_Supplied information_.
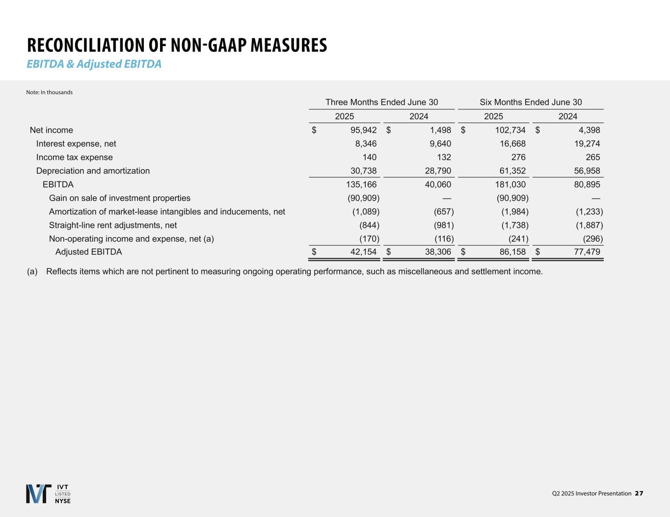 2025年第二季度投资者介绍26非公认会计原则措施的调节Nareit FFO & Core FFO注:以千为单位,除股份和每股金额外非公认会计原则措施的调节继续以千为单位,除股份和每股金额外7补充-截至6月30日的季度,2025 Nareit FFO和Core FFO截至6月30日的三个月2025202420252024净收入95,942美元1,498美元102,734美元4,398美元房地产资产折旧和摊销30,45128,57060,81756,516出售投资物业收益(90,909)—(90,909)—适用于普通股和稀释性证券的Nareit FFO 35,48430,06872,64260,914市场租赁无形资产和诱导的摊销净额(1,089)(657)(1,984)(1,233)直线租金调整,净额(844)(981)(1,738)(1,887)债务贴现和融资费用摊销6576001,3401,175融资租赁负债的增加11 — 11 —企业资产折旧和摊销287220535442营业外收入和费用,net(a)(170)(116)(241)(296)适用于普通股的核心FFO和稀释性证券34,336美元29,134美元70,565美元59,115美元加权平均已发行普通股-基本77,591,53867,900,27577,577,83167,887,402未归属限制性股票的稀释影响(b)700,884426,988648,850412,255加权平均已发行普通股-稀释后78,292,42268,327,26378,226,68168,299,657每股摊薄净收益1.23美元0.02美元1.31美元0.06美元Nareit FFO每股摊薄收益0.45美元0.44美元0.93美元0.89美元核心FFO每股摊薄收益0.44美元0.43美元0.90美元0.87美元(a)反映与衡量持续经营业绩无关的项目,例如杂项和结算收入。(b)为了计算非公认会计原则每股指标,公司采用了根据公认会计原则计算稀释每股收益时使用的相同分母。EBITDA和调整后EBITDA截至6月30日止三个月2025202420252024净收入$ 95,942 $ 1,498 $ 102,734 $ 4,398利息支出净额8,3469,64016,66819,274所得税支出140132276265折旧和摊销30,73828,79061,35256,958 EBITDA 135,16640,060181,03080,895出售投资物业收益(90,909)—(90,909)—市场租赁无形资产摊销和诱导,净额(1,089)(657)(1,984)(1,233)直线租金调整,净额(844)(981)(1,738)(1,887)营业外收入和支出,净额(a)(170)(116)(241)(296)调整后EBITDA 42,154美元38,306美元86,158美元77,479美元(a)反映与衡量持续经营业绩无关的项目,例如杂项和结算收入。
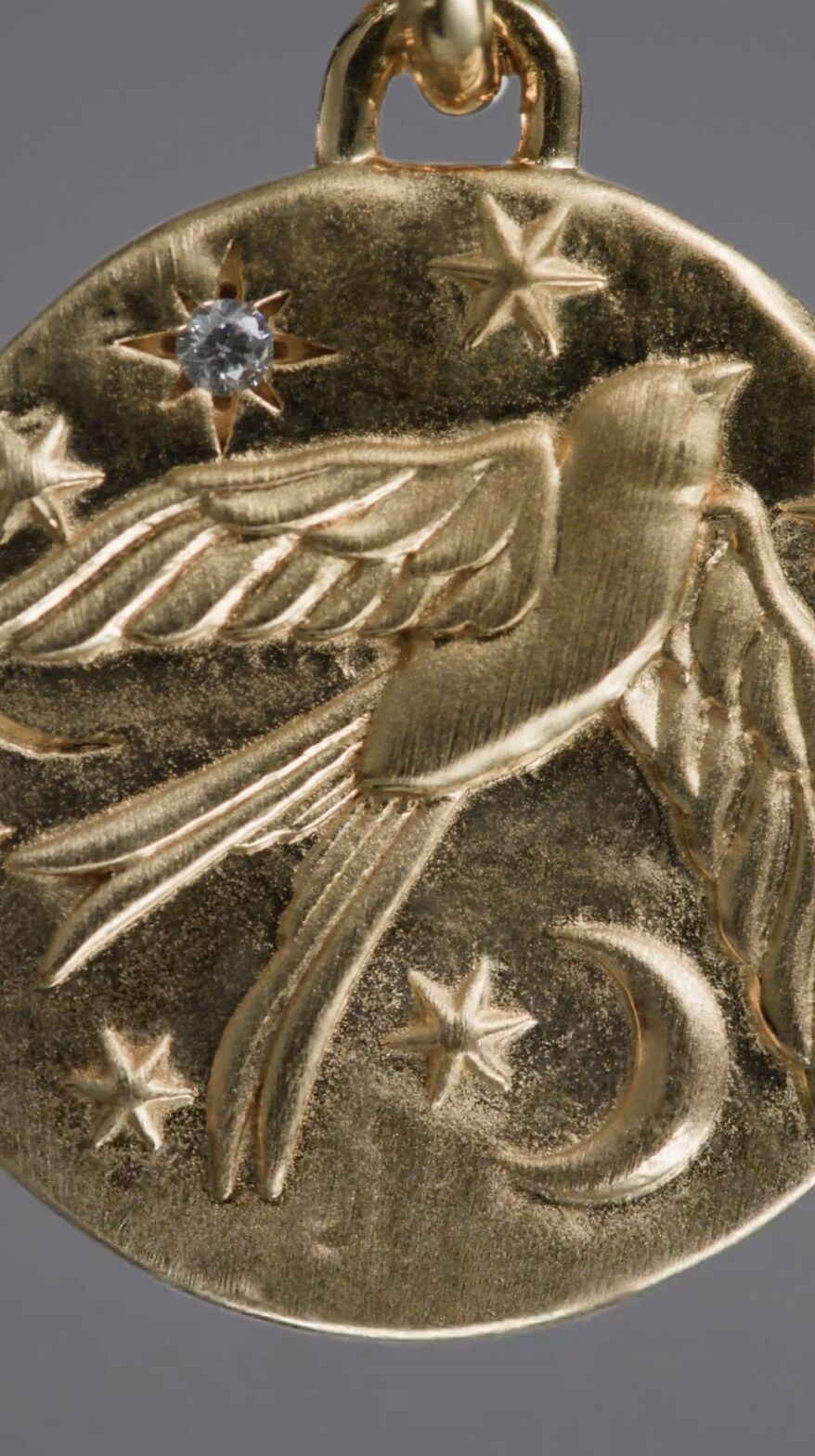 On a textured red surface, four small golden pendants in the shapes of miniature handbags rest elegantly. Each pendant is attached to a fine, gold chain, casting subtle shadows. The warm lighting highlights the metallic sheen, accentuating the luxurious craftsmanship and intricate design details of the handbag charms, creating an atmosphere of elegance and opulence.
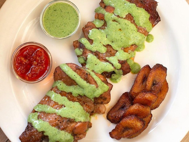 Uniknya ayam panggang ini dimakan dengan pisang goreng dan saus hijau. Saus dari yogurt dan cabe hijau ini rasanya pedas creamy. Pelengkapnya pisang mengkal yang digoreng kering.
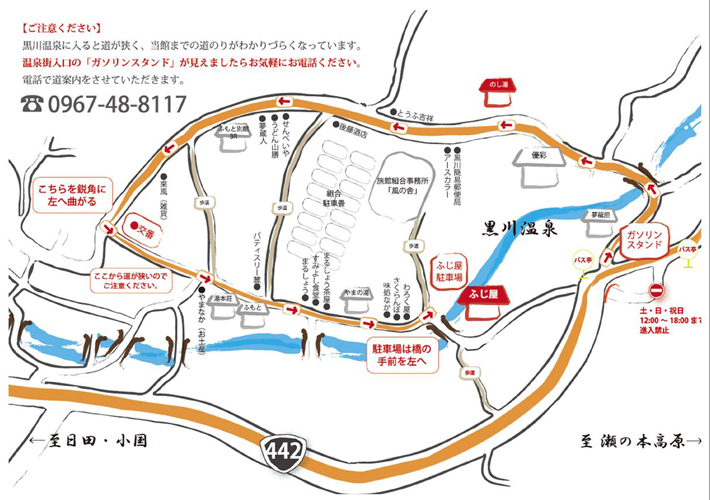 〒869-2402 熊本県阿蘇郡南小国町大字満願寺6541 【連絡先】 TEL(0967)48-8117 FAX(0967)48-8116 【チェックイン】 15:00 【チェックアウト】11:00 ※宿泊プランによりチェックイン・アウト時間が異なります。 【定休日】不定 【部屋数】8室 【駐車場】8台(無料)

_Work required_.
Print, exactly as written, the lines above from the first one to the one containing "On a textured". Leave out pictures.

_Solution for this exercise_.
 2025年第二季度投资者介绍26非公认会计原则措施的调节Nareit FFO & Core FFO注:以千为单位,除股份和每股金额外非公认会计原则措施的调节继续以千为单位,除股份和每股金额外7补充-截至6月30日的季度,2025 Nareit FFO和Core FFO截至6月30日的三个月2025202420252024净收入95,942美元1,498美元102,734美元4,398美元房地产资产折旧和摊销30,45128,57060,81756,516出售投资物业收益(90,909)—(90,909)—适用于普通股和稀释性证券的Nareit FFO 35,48430,06872,64260,914市场租赁无形资产和诱导的摊销净额(1,089)(657)(1,984)(1,233)直线租金调整,净额(844)(981)(1,738)(1,887)债务贴现和融资费用摊销6576001,3401,175融资租赁负债的增加11 — 11 —企业资产折旧和摊销287220535442营业外收入和费用,net(a)(170)(116)(241)(296)适用于普通股的核心FFO和稀释性证券34,336美元29,134美元70,565美元59,115美元加权平均已发行普通股-基本77,591,53867,900,27577,577,83167,887,402未归属限制性股票的稀释影响(b)700,884426,988648,850412,255加权平均已发行普通股-稀释后78,292,42268,327,26378,226,68168,299,657每股摊薄净收益1.23美元0.02美元1.31美元0.06美元Nareit FFO每股摊薄收益0.45美元0.44美元0.93美元0.89美元核心FFO每股摊薄收益0.44美元0.43美元0.90美元0.87美元(a)反映与衡量持续经营业绩无关的项目,例如杂项和结算收入。(b)为了计算非公认会计原则每股指标,公司采用了根据公认会计原则计算稀释每股收益时使用的相同分母。EBITDA和调整后EBITDA截至6月30日止三个月2025202420252024净收入$ 95,942 $ 1,498 $ 102,734 $ 4,398利息支出净额8,3469,64016,66819,274所得税支出140132276265折旧和摊销30,73828,79061,35256,958 EBITDA 135,16640,060181,03080,895出售投资物业收益(90,909)—(90,909)—市场租赁无形资产摊销和诱导,净额(1,089)(657)(1,984)(1,233)直线租金调整,净额(844)(981)(1,738)(1,887)营业外收入和支出,净额(a)(170)(116)(241)(296)调整后EBITDA 42,154美元38,306美元86,158美元77,479美元(a)反映与衡量持续经营业绩无关的项目,例如杂项和结算收入。
 On a textured red surface, four small golden pendants in the shapes of miniature handbags rest elegantly. Each pendant is attached to a fine, gold chain, casting subtle shadows. The warm lighting highlights the metallic sheen, accentuating the luxurious craftsmanship and intricate design details of the handbag charms, creating an atmosphere of elegance and opulence.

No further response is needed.